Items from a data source
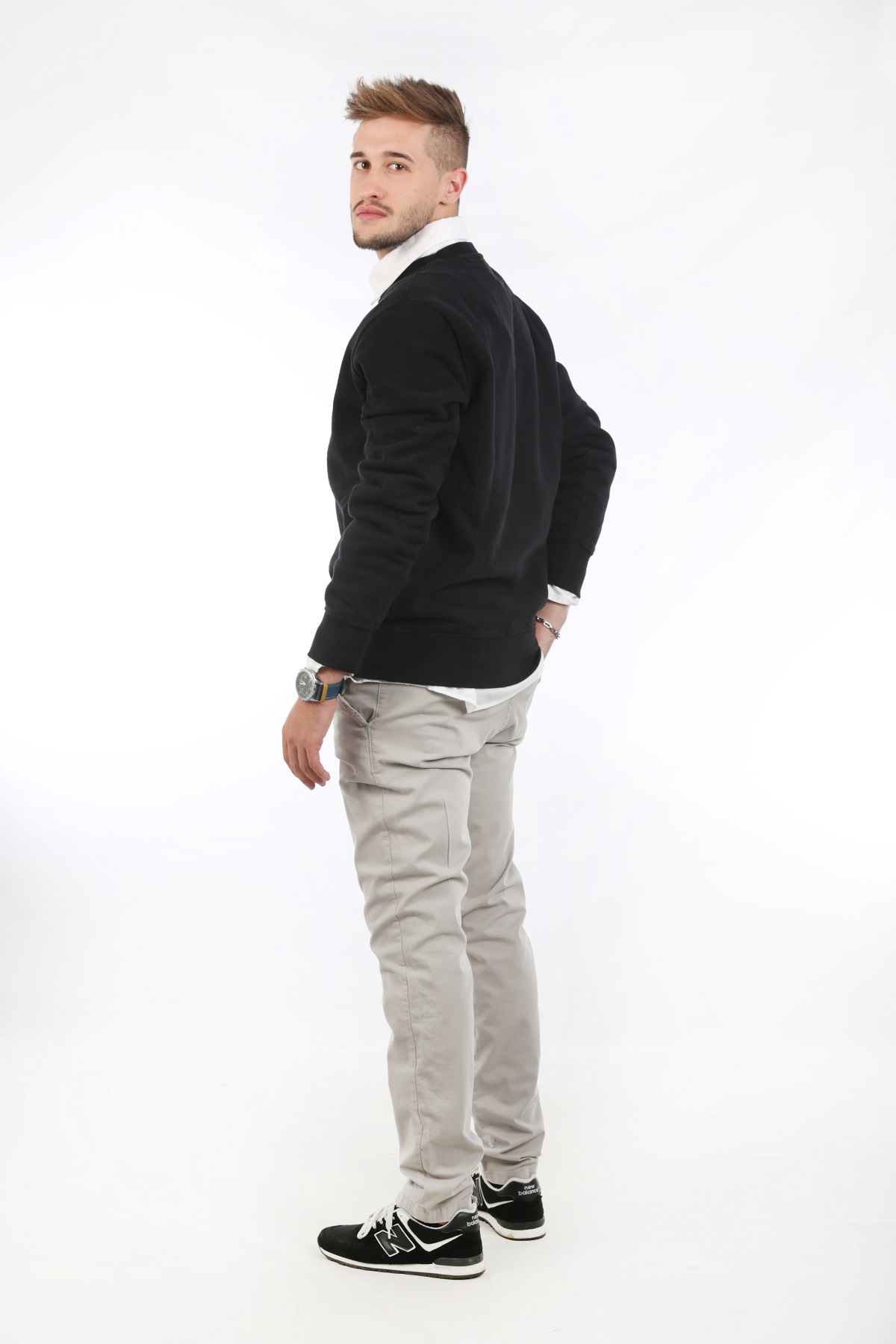 Homem com camisola preta e logótipo laranja, calças cinza claras e ténis pretos
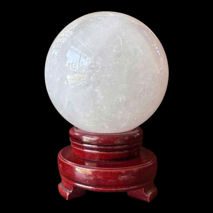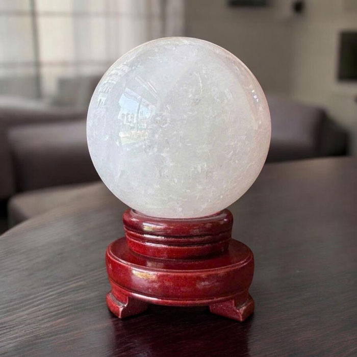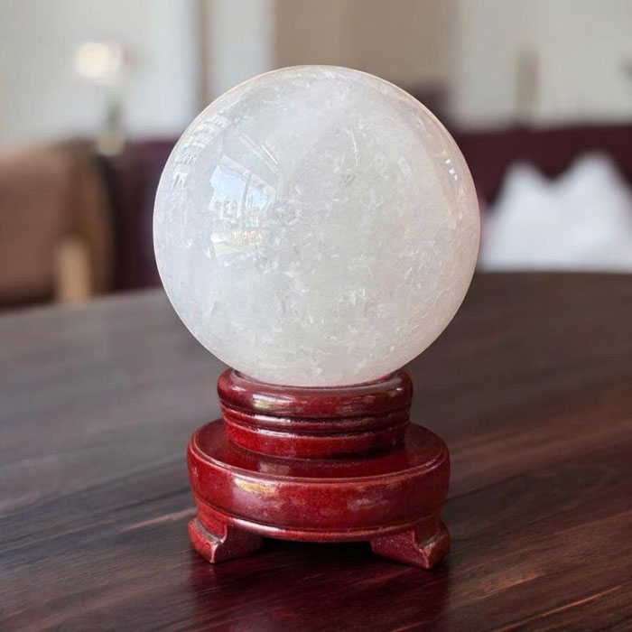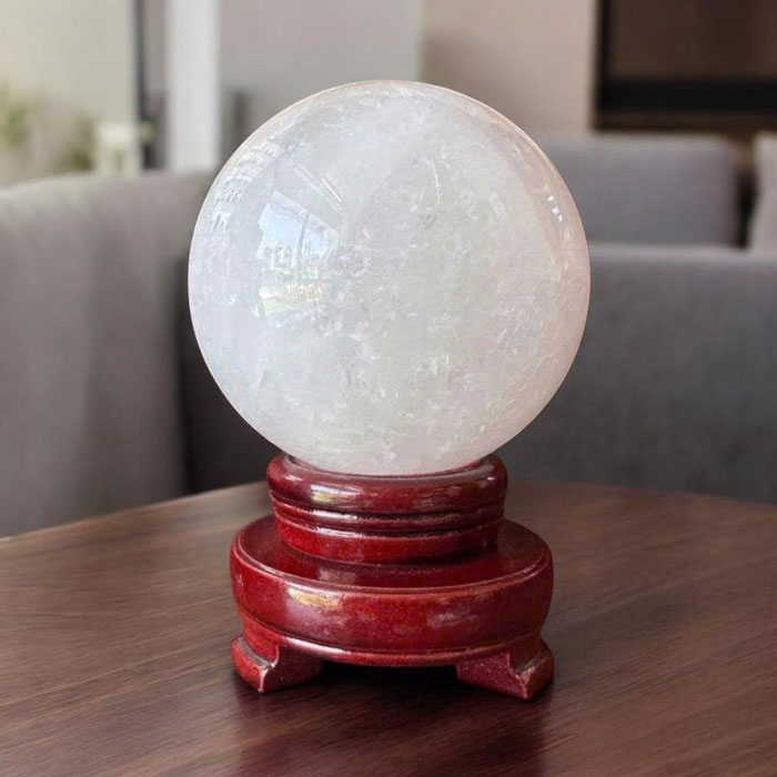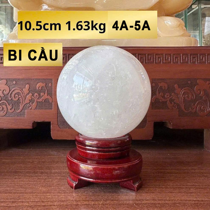 Quả cầu được chế tác từ đá thạch anh trắng nguyên khối, trải qua quy trình gia công tỉ mỉ để đạt độ tròn đều và bề mặt sáng bóng. Trọng lượng 1,63kg mang đến cảm giác chắc chắn, bề thế, phù hợp để trưng bày tại những vị trí trung tâm.
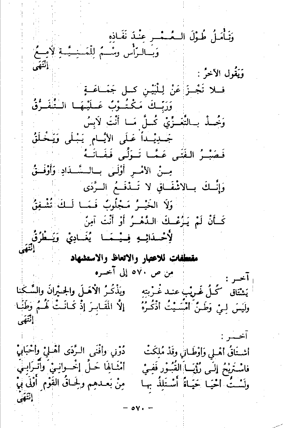 ولَيَسَ لِي وَطَنٌ أمْسَيْتُ أذْكُرُهُ ... إلاَّ المَقَابِرَ إذْ كَانَتْ لَهُمُ وَطَنَا
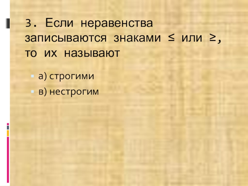 3. Если неравенства записываются знаками ≤ или ≥, то их называют 	 	 а) строгимив) нестрогим
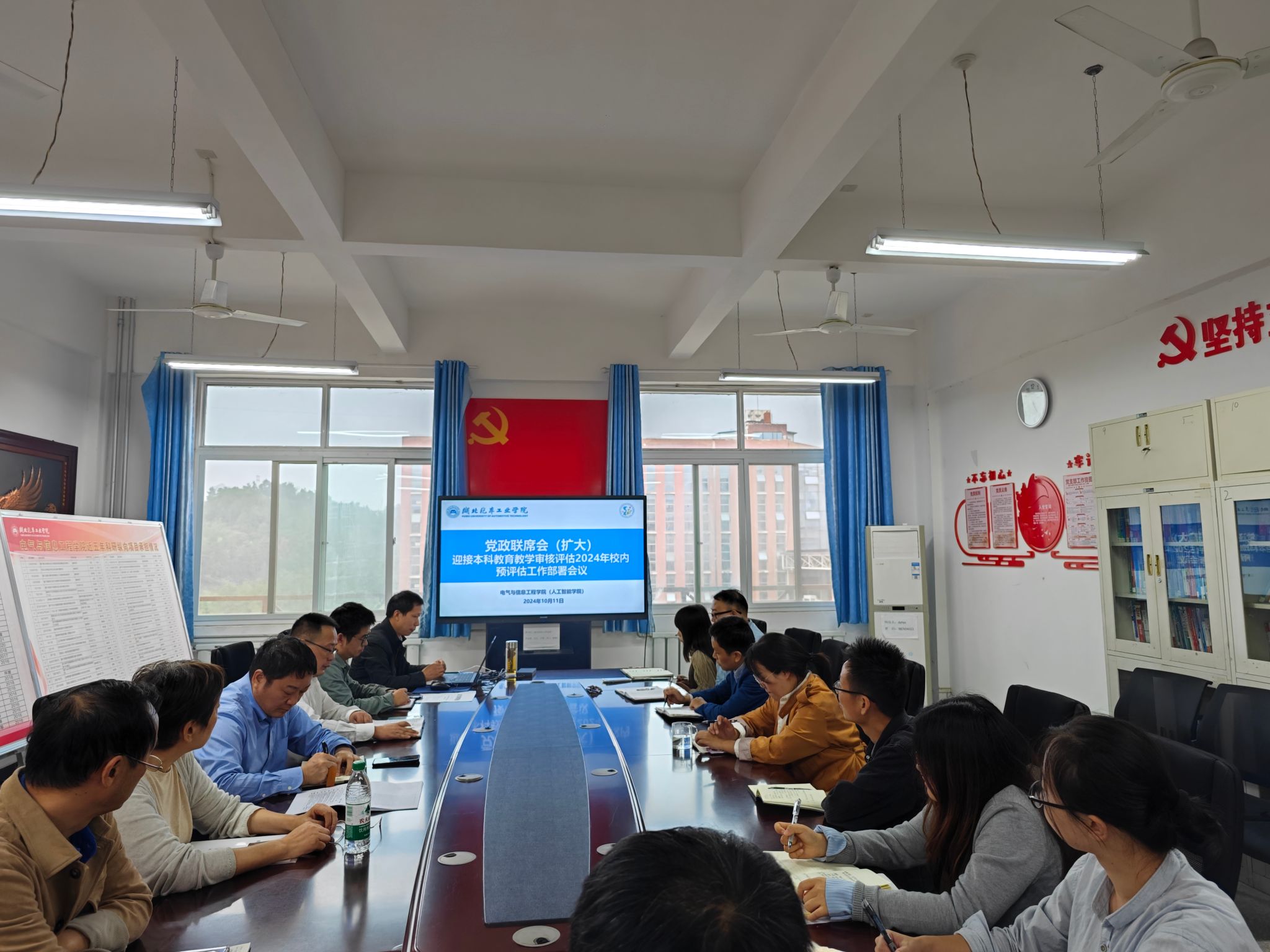 为落实学校本科教育教学审核评估2024年校内预评估工作要求,2024年10月11日下午,电气与信息工程学院在会展室召开迎评工作部署会议,学校教学督导阎菲教授、学院党政领导班子成员和各系/中心/三办主任出席参会,会议由院长黄海波主持。
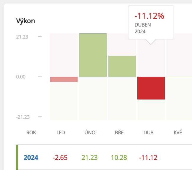 To k tomu prostě patří, taky jsem za duben výrazněji v mínusu a tak dva předchozí plusy nejsou tak vidět, ale tak rok ještě nekončí a chce to být trpělivý, tak pevné nervy přeji. 👍 ...jediné tedy k portfoliu tvému, já osobně se tedy snažím nemíchat akcie a krypto dohromady právě díky té volatilitě a ty pohybu na BTC jsou pořád dost veliké a tak mohou narušovat nehezky akciové portfolio. Ale samozřejmě každý má svoji strategii a způsob, takže proč ne a teď to hold jen vydržet. 😊
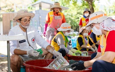배우 안재욱이 수해 복구 봉사에 나섰다.28일 대한적십자사(회장 김철수)에 따르면 안재욱은 지난 26일 경기도 가평군 상면 수해 복구 현장을 찾아 봉사활동을 진행했다.안재욱은 KBS 2TV ‘독수리 5형제를 부탁해!’로 인해 바쁜 일정에도 불구하고, 수해로 큰 피해를 입은 이재민에게 위로의 마음을 전하고, 복구 현장에서 활동하는 봉사자들에게 힘을 보태기 위해 자발적으로 대한적십자사의 복구 활동에 참여했다는 전언이다.폭염 경보가 발효된 지난 26일 아침, 수해 현장에 도착해 피해 상황을 직접 살펴본 안재욱은 “TV에서 보던 것보다 피해 규모가 훨씬 크다”라며 “복구와 급식 봉사 인력이 부족하다는 소식을 듣고 조금이라도 도움이 되고자 봉사활동에 참여하게 됐다”라고 말했다.안재욱은 침수된 가구를 방문해 집안에 밀려든 토사를 삽으로 제거하는 등 현장 복구에 참여했다. 폭염 속에서도 봉사원들을 격려하며 과수원 정리 작업에도 함께 했다. 봉사활동은 600명에 대한 점심 식사를 준비하는 일로 이
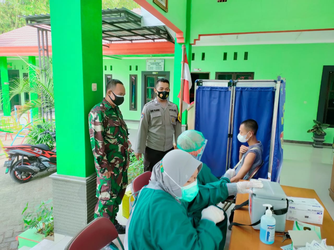 Kegiatan vaksinasi massal terus dilakukan secara bertahap, dengan pengawalan Babinsa bersinergi dengan Bhabinkamtibmas dan pihak pemerintah desa.
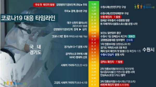 2월 2일, 수원시에 첫 확진환자가 발생했다. 중국 우한에서 입국한 40대 남성이었다. 수원시는 긴급대책회의를 소집하고 위기 경보단계 중 가장 높은 수준인 ‘심각’ 단계에 준하는 대응을 하기로 했다. 관내 모든 어린이집에 2월 3일부터 임시 휴원 명령을 내리고, 수원시 공공시설, 모든 동의 주민자치센터 프로그램 운영을 전면 중단했다.
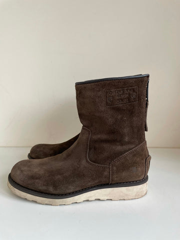 Refined details - the belt, which feeds through a loop at the back of the boot, is made from oiled leather and features a metallic buckle with an embossed Emu logo. The boot is designed with an asymmetric opening that has a raw edge, allowing the soft genuine sheepskin to show.
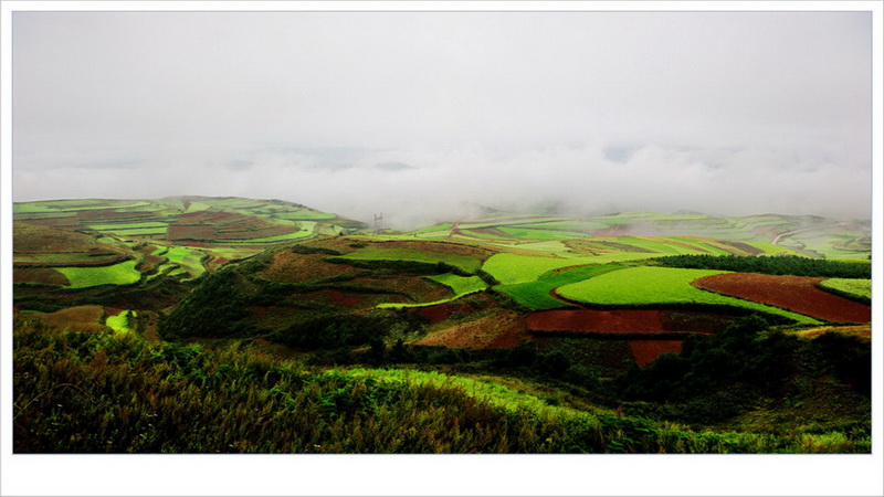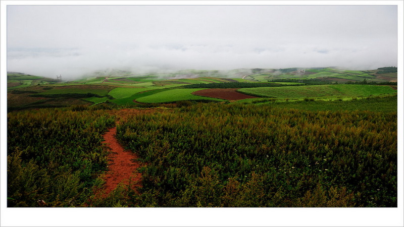 2012年10月国庆,几个朋友相约红土地,被其艳丽吸引,拖着急性痛风发作的身体,和朋友驾车上路,第一天到达东川城,天气不错,希望第二天上山有一个好天气,然上山时细雨濛濛,沿着蜿蜒的盘山公路一路上行,两边沟壑纵横,感觉道路奇险,但风光旖旎,10时抵达时只见满山迷雾,所有的景色均藏在了大雾里,只得找旅店休息,其间和全国各地在此地等天气的摄友交流、闲谈、当得知有的已经等了一个星期时,顿时心里有一些凉了,下午四点,雾有一些散了,在锦绣园照了几照,虽然未见其全貌,却也见到了其秀美,朋友们商量等一天看看,可仍旧大雾,只得匆忙驱车离开,为此行留下了遗憾。
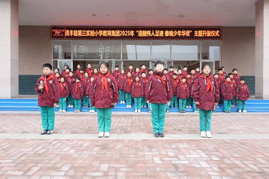 值毛泽东同志诞辰132周年之际,清丰县第三实验小学教育集团举行“追随伟人足迹 奏响少年华章”主题升旗仪式。我们追思伟人的不朽功绩,感悟革命先辈闯过万难的从容坚韧,读懂共产党人走完长征的信仰豪情。愿全体师生将红色火种深埋心底,把伟人精神融入每日的读书与前行,以少年的纯粹守护信仰,以向上的姿态奔赴远方,让时代的期许在少年的成长中赓续不绝。
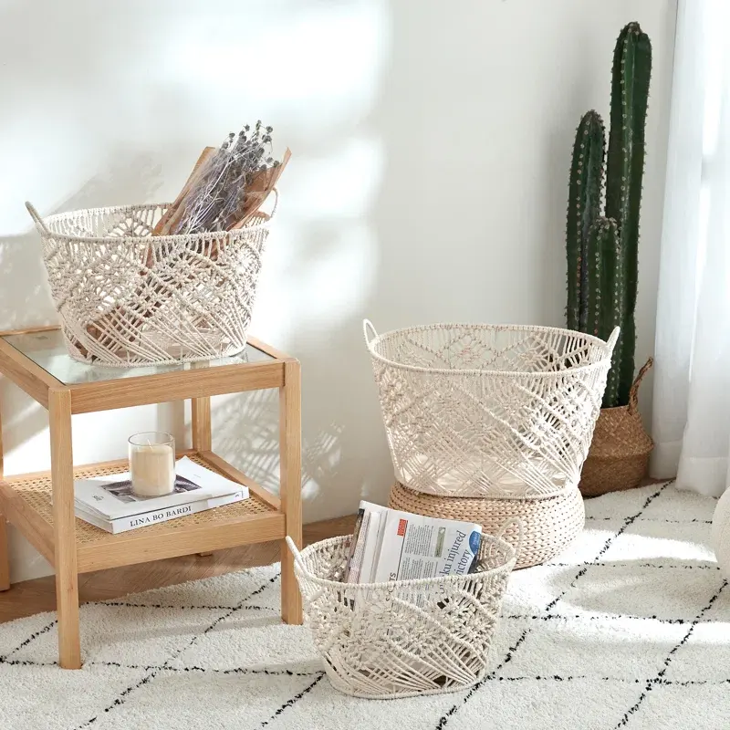 High Quality White Macrame Square Basket Bathroom Storage Organizer Grocery Bin
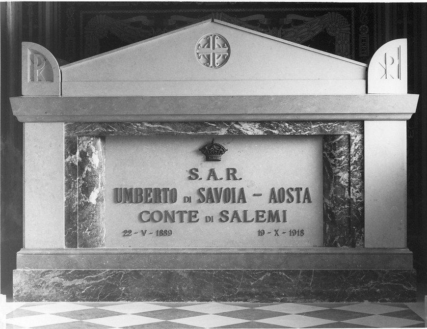 - NOTIZIE STORICO CRITICHE Il sarcofago conserva la salma del conte di Salemi Umberto di Savoia-Aosta, già decorato di due medaglie d'oro al valore militare, morto il 19 ottobre 1918 a Crespano del Grappa d'influenza "spagnola"
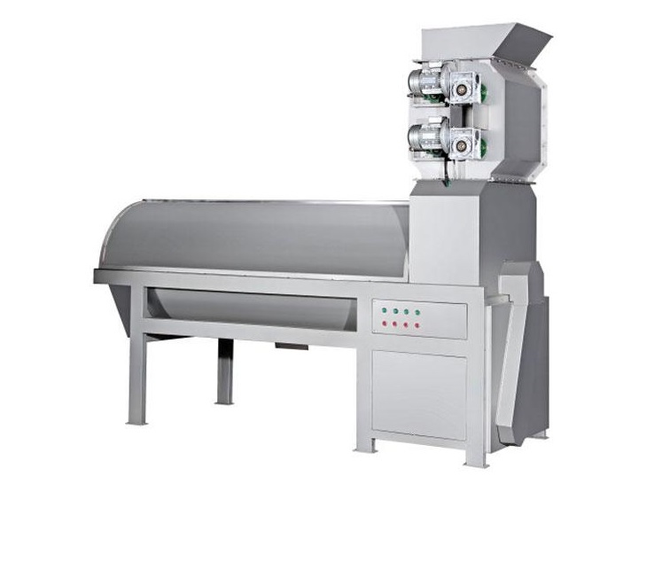 The pomegranate enters the upper crushing installation from the feed hopper. The upper crushing installation presses the pomegranate apart, and the lower crushing installation extrudes the pomegranate again. The pomegranate after two-stage extrusion is separated from the skin and seeds and falls into the separation installation. The pomegranate seeds fall from the sieve hole, and the skin is discharged from the tail. The seeds and juice are pumped to the next process by a separate screw pump.
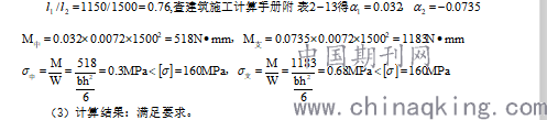 (2)计算过程:底部设置10根直径12mm的钢筋和一块14mm厚木板
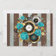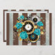 Relógio antigo e patenteado, adornado com joias, mãos de ouro e algarismos latinos com rosa de turquesa sobre fundo castanho e listrado. Estilo Steampunk.
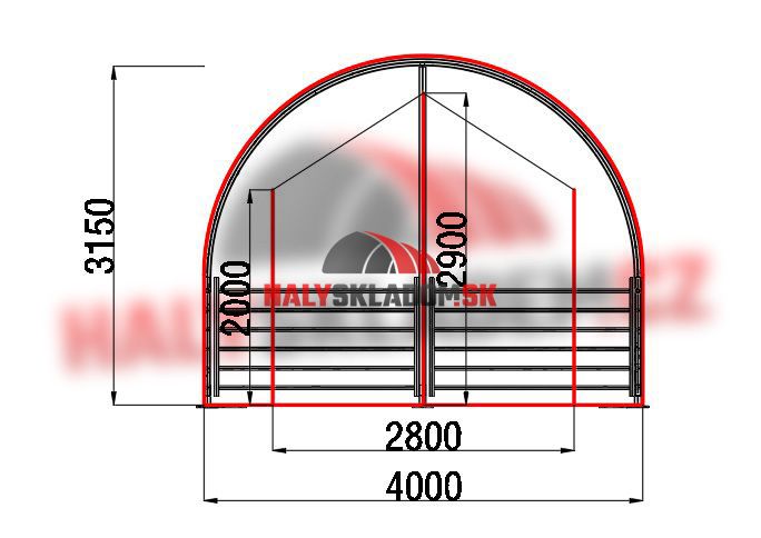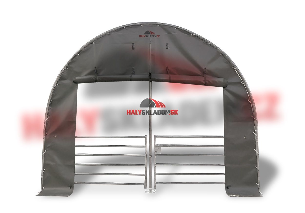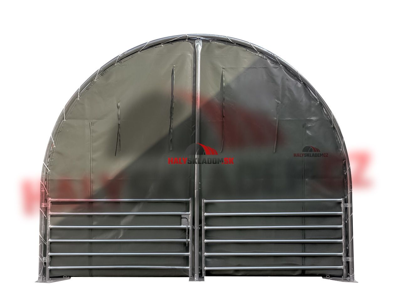 Čelná plachta so zipsovými vrátami na prístrešok pre zvieratá šírky 4 m. PVC plachta gramáže 900 g/m2 so životnosťou až 30 rokov.
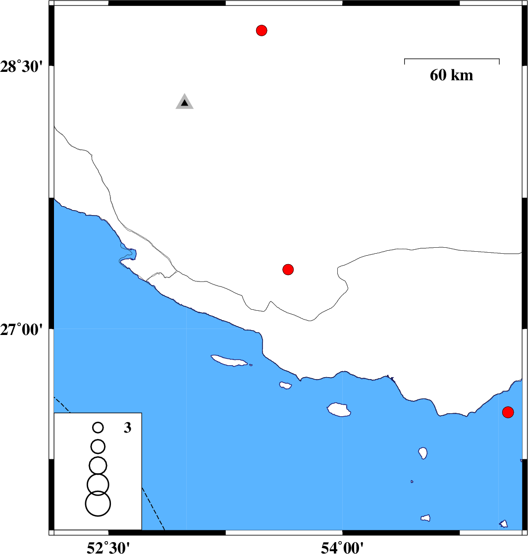 2009/06/17 | 09:10:15.5 | 13:40:15.5 | 26.52 | 55.06 | 18 | ML:3.2 | Persian Gulf, 21 km East of Bandar-e lengeh |

EXERCISE
Take the line containing "- NOTIZIE STORICO" and all lines after it to the end of the data above, and reproduce them exactly, leaving out pictures. Nothing else belongs in the copy.

EXERCISE RESPONSE
 - NOTIZIE STORICO CRITICHE Il sarcofago conserva la salma del conte di Salemi Umberto di Savoia-Aosta, già decorato di due medaglie d'oro al valore militare, morto il 19 ottobre 1918 a Crespano del Grappa d'influenza "spagnola"
 The pomegranate enters the upper crushing installation from the feed hopper. The upper crushing installation presses the pomegranate apart, and the lower crushing installation extrudes the pomegranate again. The pomegranate after two-stage extrusion is separated from the skin and seeds and falls into the separation installation. The pomegranate seeds fall from the sieve hole, and the skin is discharged from the tail. The seeds and juice are pumped to the next process by a separate screw pump.
 (2)计算过程:底部设置10根直径12mm的钢筋和一块14mm厚木板
 Relógio antigo e patenteado, adornado com joias, mãos de ouro e algarismos latinos com rosa de turquesa sobre fundo castanho e listrado. Estilo Steampunk.
 Čelná plachta so zipsovými vrátami na prístrešok pre zvieratá šírky 4 m. PVC plachta gramáže 900 g/m2 so životnosťou až 30 rokov.
 2009/06/17 | 09:10:15.5 | 13:40:15.5 | 26.52 | 55.06 | 18 | ML:3.2 | Persian Gulf, 21 km East of Bandar-e lengeh |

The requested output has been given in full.